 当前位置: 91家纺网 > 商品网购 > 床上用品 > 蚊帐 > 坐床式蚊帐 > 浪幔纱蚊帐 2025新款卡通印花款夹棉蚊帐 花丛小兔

...

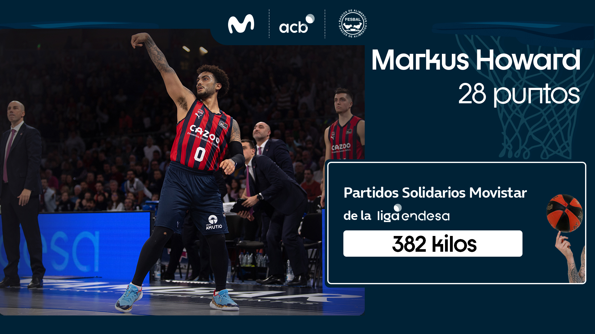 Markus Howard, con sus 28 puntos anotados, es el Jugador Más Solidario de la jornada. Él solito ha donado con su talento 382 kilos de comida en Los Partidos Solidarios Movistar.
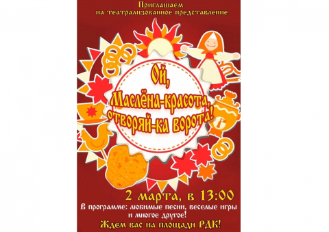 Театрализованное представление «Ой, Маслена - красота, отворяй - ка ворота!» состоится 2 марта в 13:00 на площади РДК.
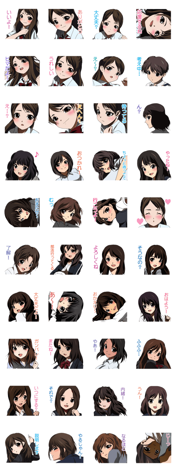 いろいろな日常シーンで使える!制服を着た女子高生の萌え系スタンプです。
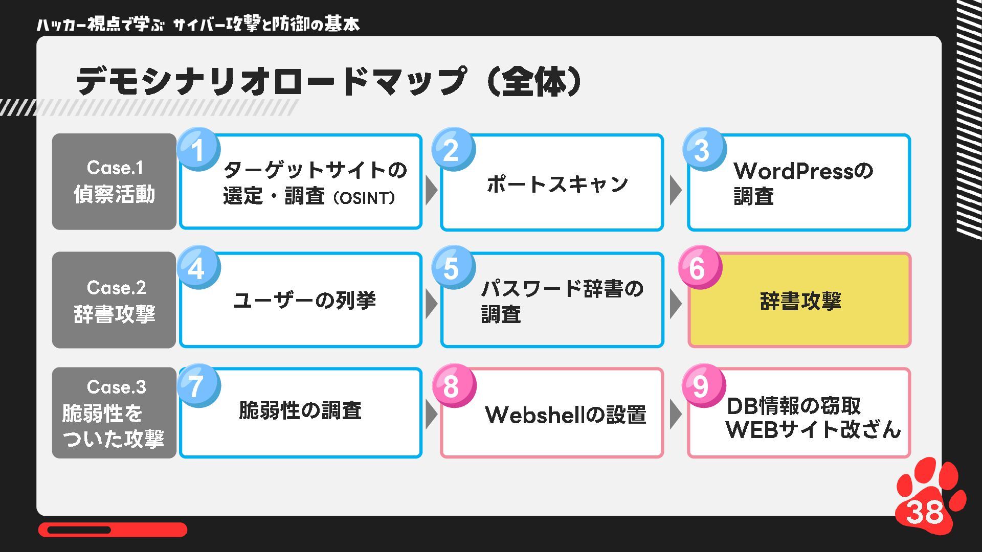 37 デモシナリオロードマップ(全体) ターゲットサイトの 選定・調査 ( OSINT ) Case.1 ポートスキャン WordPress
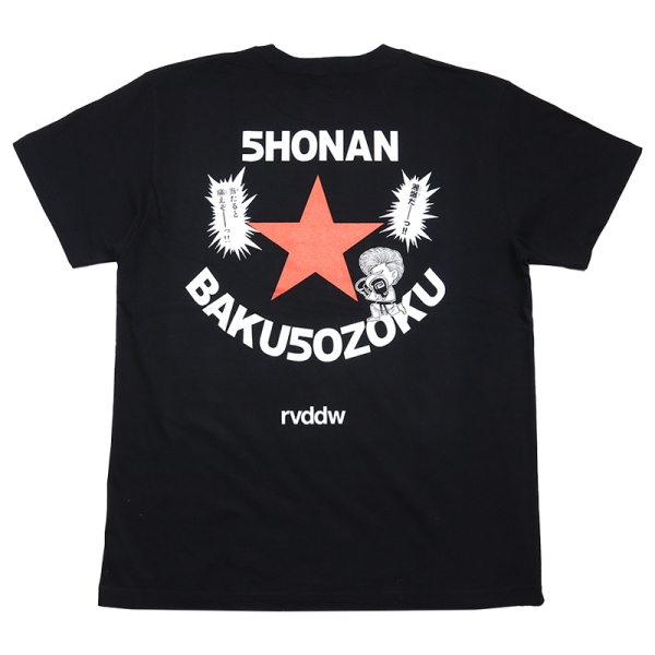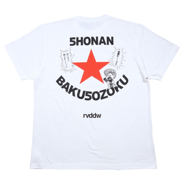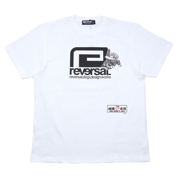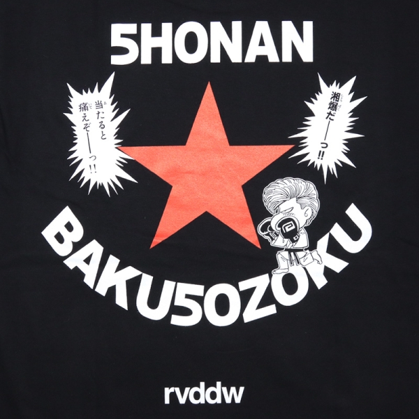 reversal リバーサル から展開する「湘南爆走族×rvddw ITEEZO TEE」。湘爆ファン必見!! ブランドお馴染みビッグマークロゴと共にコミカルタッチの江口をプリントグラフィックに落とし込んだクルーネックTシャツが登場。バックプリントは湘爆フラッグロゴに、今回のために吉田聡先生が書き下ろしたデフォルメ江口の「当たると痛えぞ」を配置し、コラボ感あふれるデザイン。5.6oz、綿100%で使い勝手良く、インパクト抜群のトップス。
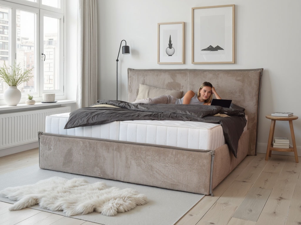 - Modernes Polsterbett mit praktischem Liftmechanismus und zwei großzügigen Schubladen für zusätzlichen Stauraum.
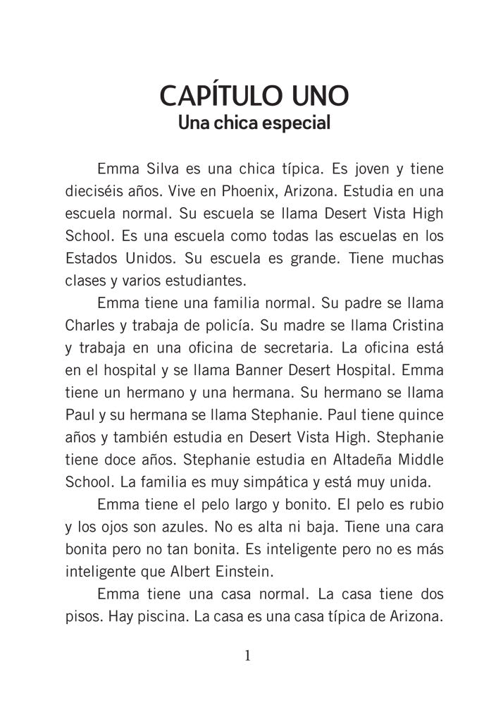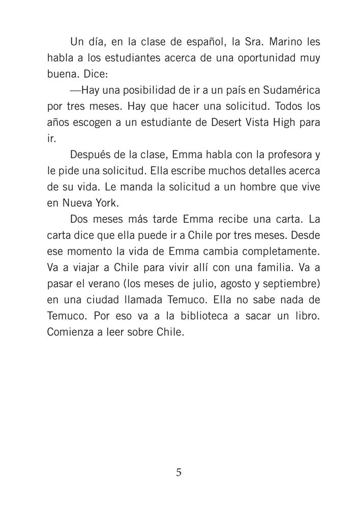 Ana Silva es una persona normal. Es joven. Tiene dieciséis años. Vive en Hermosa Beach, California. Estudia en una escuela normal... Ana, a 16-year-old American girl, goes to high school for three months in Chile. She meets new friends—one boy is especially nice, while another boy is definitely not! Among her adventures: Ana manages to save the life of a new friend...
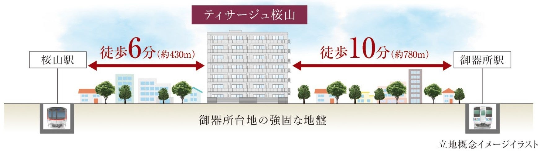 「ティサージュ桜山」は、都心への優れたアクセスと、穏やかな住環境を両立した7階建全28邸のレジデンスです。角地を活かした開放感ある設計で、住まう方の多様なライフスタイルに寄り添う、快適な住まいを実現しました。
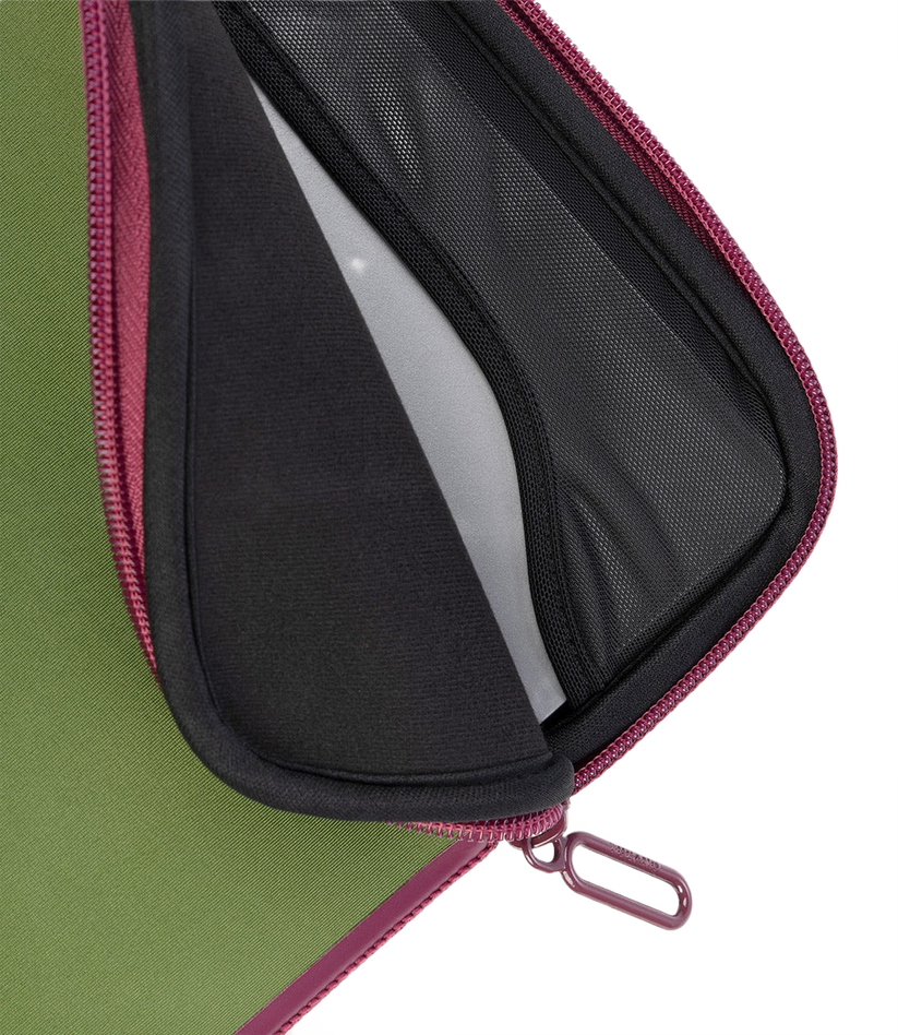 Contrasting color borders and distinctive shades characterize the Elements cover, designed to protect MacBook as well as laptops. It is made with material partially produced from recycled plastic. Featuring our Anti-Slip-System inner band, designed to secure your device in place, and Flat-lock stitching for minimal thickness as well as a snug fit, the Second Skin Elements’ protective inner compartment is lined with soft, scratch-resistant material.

▸ EXERCISE REQUIREMENTS
Look above for the line containing "Markus Howard, con" and the line containing "37 デモシナリオロードマップ(全体) ターゲットサイトの", then reproduce both and everything between them exactly, pictures omitted.

▸ EXERCISE SOLUTION
 Markus Howard, con sus 28 puntos anotados, es el Jugador Más Solidario de la jornada. Él solito ha donado con su talento 382 kilos de comida en Los Partidos Solidarios Movistar.
 Театрализованное представление «Ой, Маслена - красота, отворяй - ка ворота!» состоится 2 марта в 13:00 на площади РДК.
 いろいろな日常シーンで使える!制服を着た女子高生の萌え系スタンプです。
 37 デモシナリオロードマップ(全体) ターゲットサイトの 選定・調査 ( OSINT ) Case.1 ポートスキャン WordPress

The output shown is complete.